It depends on where you are shipping it and how.  It isn't cheap.  I believe they call it "Global Express" and you can get tracking and delivery confirmation.

That is really not much different than a credit card charge back.  The all generally favor the buyer.  The buyer can claim non-receipt even if you can show delivery confirmation - thay claim the package didn't have the items described.  I recently had a charge back claiming 'unauthorized use' and even though the package was confirmed as delivered and not returned the buyer got a refund.


----------



## Leatherman1998 (Jul 11, 2014)

I would send it back and ask for bitcoin.


----------



## Chatham PenWorks (Jul 12, 2014)

sbell111 said:


> 1)  For a thousand dollar order that was processed by my website, I'd eat the shipping fee.  They paid what you (via your website) instructed them to.



It's really that simple.


----------



## Smitty37 (Jul 12, 2014)

*Not just the shipping charges to think about.*

Checking what USPS has to say about it, there is more involved shipping to Qatar then just the cost.  There are a lot of restrictions on what can be shipped into Qatar, the value that can be imported, etc.  And in some cases if you do it wrong the shipment can be seized...Just for one instance, it might not clear customs if you don't have the Harmonized Code.  You need to have the buyer's phone number and it must be a land line....and on and on.  If it were me I'd refund the money and forget it.  I refuse to sell to most of the Middle East, most of Africa, much of Eastern Europe, most of Asia and all of South America.  For a small business, it's just not worth the bother.

Incidently I have had the very first shipments to some country's reported as "not delivered" and had to eat the cost...problem is you really don't know most of the time whether it get delivered or not.


----------



## robutacion (Jul 12, 2014)

Well,

I see a lot of different opinions about this issue, and on reality they are all "PLAUSIBLE" however, lets take a step back and think of this.

Some how, an international sale has come through when the site wasn't set up for such, someone paid $1,000 in items and paid what the shipping charges requested so, the Buyer done nothing wrong.  

How would I deal with the issue (do it all the time...!), I would send a message/email to the Buyer, thanking him/her for the order and explaining that the shipping charges showing on you site, are  only for national sales and that you weren't aware that International sales/order could be possible.

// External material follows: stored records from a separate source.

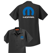 This Mopar Mechanic Shirt delivers a bold, professional look with unmistakable Mopar attitude. Featuring a large Mopar logo across the back and a coordinating chest logo on the front, this button-down work shirt blends shop-ready durability with muscle car pride.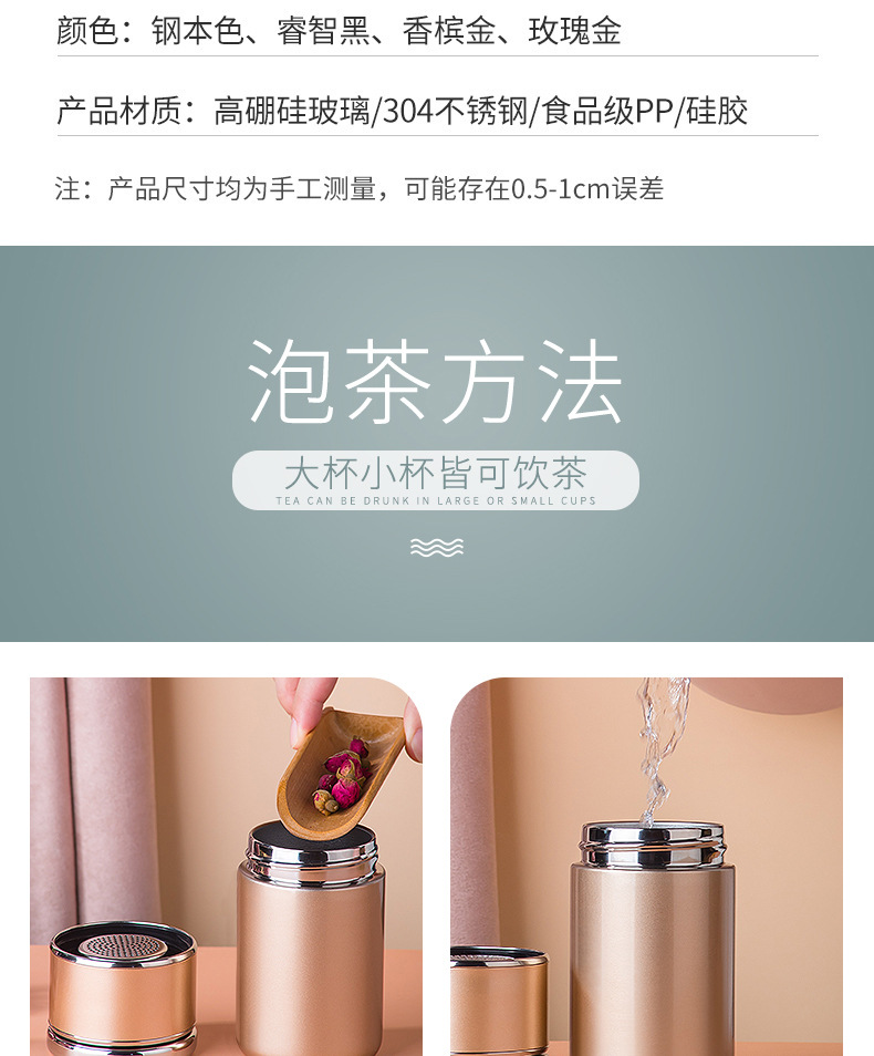 茶水分離杯便攜男士辦公泡茶水杯雙層玻璃杯創(chuàng)意商務(wù)禮品杯子定制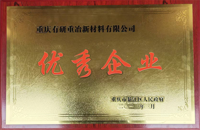 會上,有研重冶獲重慶市綦江區(qū)人民政府2022年度工業(yè)領(lǐng)域“優(yōu)秀企業(yè)”榮譽(yù)稱號,綦江區(qū)委副書記、區(qū)長羅成向公司執(zhí)行董事、總經(jīng)理李占榮頒授獎牌。

I would provide the shipping cost of at least 2 options, all with some sort of registration or tracking and advise that, the order can not be fulfilled unless the correct shipping charges are paid.  I would give 48 hours to have that payment adjustment coming through but, I would be the one to send him/her (make reference of that) an extra invoice/money request, if that payment is not made, then the full amount paid, would be returned and the order, cancelled.

Yes, you tend to get a little harsh, as a seller, when someone rips-you-off and you want to put all these restrictions and securities however, if you are targetted to be ripped-off, on the other end, "they" respond depending upon the level of difficulty you present them with and the chances are, they will have a solution for each one and you will get ripped-off, like it or not...!

I had once an "honest thief", that told me that, he looks around the stores for those with rude messages about who they want their buyers to be and put all these warning messages, tags, whistles and bells about being "bullet proof", these guys love that, and that's exactly what they are looking for to "hit" as hard as they can, they pleasure is to target those people and show them that, the more red flags they wave, the more bulls they attract...!

I have had a huge difference in scam attempts, since I removed all the red flags and made it as discrete and possible.

Again, this has been working for me, it doesn't mean that it will work for you however, the chances are, the same rules apply...!

Cheers
George


----------



## Smitty37 (Jul 12, 2014)

robutacion said:


> Well,
> 
> I see a lot of different opinions about this issue, and on reality they are all "PLAUSIBLE" however, lets take a step back and think of this.
> 
> ...


I mostly agree with you George, but there are certain parts of the world that I just won't ship to....Now my store is set so orders from those parts of the world  won't be accepted and if one happens to get through I will cancel it with a note that I ship only certain countries and theirs is one that I won't ship to.  Also in my case, I am suspicious of a 1st order from anyone that reaches $1000 and would probably contact them to be sure they had not made a mistake.


----------



## Whaler (Jul 12, 2014)

Cancel the sale, walk away from it and count yourself lucky.


----------



## Holz Mechaniker (Jul 13, 2014)

Curly said:


> Holz Mechaniker said:
> 
> 
> > Refuse the order and send back the money with the note saying due to a web site issue the order should not have been accepted. Sorry for any confusion.  Then fast fix the web site so it can't happen again.
> ...



For starters, I don't have to explain _*why*_. If anything it is for Tim to ask that, not YOU!  However since I will basically echo myself as well as other who have provided the same SMART and Wise Sage-like advice...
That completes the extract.